Hood began dreaming about becoming an author when she was in the seventh grade. She pushed the dream aside repeatedly, becoming a school teacher instead.

But after teaching in the Virgin Islands and Iowa and doing substitute teaching in Iowa and Spokane Valley, she had a moment of clarity. “I realized life was going by quickly,” said Hood, 52. She knew that if she wanted to write, she had better get started.

She began writing full time in 1999. Since then she has created a book about her family tree and prepared workbooks and activity books for children. She’s written about Icelandic horses, which she breeds.

But her devotion is to kids, particularly foster children. “It was something I thought I could never do,” she said of becoming a foster parent. “It was only after I had a large family that I felt secure enough as a parent.”

There are different kids of foster parents. Some offer short-term care and others provide emergency care, for example, when police bust a methamphetamine lab and need to place the children somewhere immediately.

“We signed up for long-term care because we wanted to make a difference.”

The couple has five children of their own and six adopted children. A foster child is also currently staying with them. Originally told they couldn’t have children, the couple began looking into adoption. That started them on the road that would lead to being foster parents. “Once you pass that decision that you can adopt, your whole mindset changes,” she said.

Her husband, who works as a dentist, shares her passion for foster children. Often the children just want to be hugged and held, he said. “We’ve got plenty of laps in our family,” he said.

Hood’s next book will be an introduction to foster care and how people can get involved. She also plans a similar book on adoption. “I’m a child advocate,” she said. “Anything regarding children.”
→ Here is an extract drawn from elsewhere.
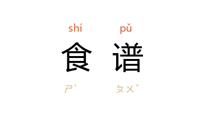 ⒈ 记载食品的材料、用量与做法的文件或书籍。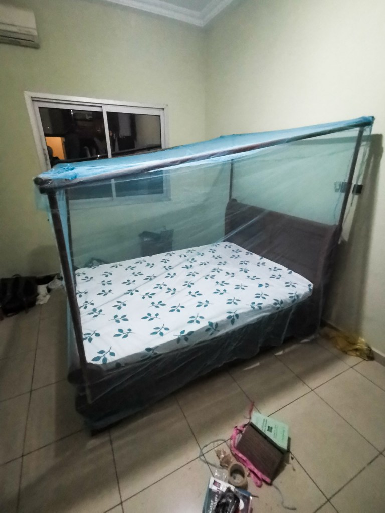 Nachdem ich mich gerade noch davon abhalten konnte, eines der Plüschtiere zu kaufen, kehrte ich nach Hause zurück und baute mein Bett zu einem Moskito-Resistenten Raumschiff aus. Wie man sieht, habe ich mich sichtbar in den kamerunischen Alltag integriert.

She fits her writing in during spare moments in the day, carrying a tablet with her wherever she goes. Her husband said she’s often up at 3 a.m. to write in the quiet hours before the kids get up. “Our house is not the quietest house in town,” he said.

Hood is discovering that it can be difficult to keep up with so many projects and causes. “When people call, it’s hard to say no,” she said. “We’re at the stage of our life where we need to simplify. I need to focus.”

Her husband is in awe of her energy. “She runs on overdrive all the time,” he said. “I just kind of follow along in her wake. The more she takes on, the more effective she is.”

He does agree that she should scale back a bit. “She can’t do all the things she’s got planned, I think, unless she lives to be 400 or 500 years old.”

“She gets very involved with her interests,” said Dan O’Connell, marketing assistant for Hood’s publisher, Whispering Pines Press. “She has a need, a drive, to put these ideas down on paper. She is a woman who is driven by her passions.”

The one thing she doesn’t plan to stop is her work with foster children. As long as she and her husband are healthy enough to do it, they will. “As they (children) go to college, it opens up a bedroom,” she said.